An emotional Gibbs discussed her time in Nepal with the group of women she described as sisters and how they inspired her to try and give them a chance and an opportunity.
"The self-confidence, the self-esteem, the pride that these women feel that they can stand on their own two feet and have a chance and an opportunity...and remove the stigma that comes with trafficking, this is an impact that people often don't think about and don't talk about when they think about a project like this, but it's a pretty big one," she said.
In making her project pitch to G Adventures and Planeterra, Gibbs challenged the organizations to add one more core value to the four The G Project stood on - those being beauty, community, freedom and knowledge - and that additional core value was hope.
"To me hope is really what inspires change and what inspires ideas," Gibbs said. "While I was preparing my pitch I wrote to the women and asked them 'What would it mean to you if we won The G Project? How would winning change your life?'... They said 'Most importantly, we'll be independent.'"
Following her winning pitch presentation, Poon Tip presented Gibbs with a cheque for $25,000 and then announced that The G Project would be returning once again in 2014.
The Dalai Lama & Delfin
Poon Tip wound down the evening by discussing his new book Looptail: How one company changed the world by reinventing business.
"For years people were asking me to write a book, and I didn't think I had anything to say," Poon Tip told the audience.
He then explained how an experience with Dalai Lama lead to his inspiration to write the book and recounted how he eventually got the Buddhist leader to pen the foreword for it.

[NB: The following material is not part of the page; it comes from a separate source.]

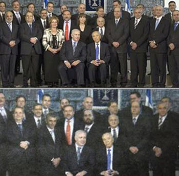據(jù)克羅地亞“網(wǎng)絡(luò)”4月6日報道,兩家猶太極端主義報紙Yated Neeman周報和Shaa Tova報將新內(nèi)閣集體合影照中的兩名女性官員——以色列新任文化和體育部長利莫爾·利夫納特女士和移民署署長Sofa Landver女士——經(jīng)過數(shù)碼技術(shù)處理,使她們在合影上“奇怪”地消失了,而站在她們位置上的變成了兩名男士。

Pauchi expressed his thoughts on the important role sustainable tourism can play in local economies, citing his own experience where he and his family in the Ecuadorian Amazon have been able to continue living in harmony in the rainforest because of the homestays they have been offering to G Adventures' clients throughout the years.
The night concluded with what has become a G Adventures tradition in recent years, the lip-synced video featuring company staff around the world. This year the G Adventures team chose Billy Idol's 'Dancing With Myself' and the video was debuted to those in attendance on Monday night.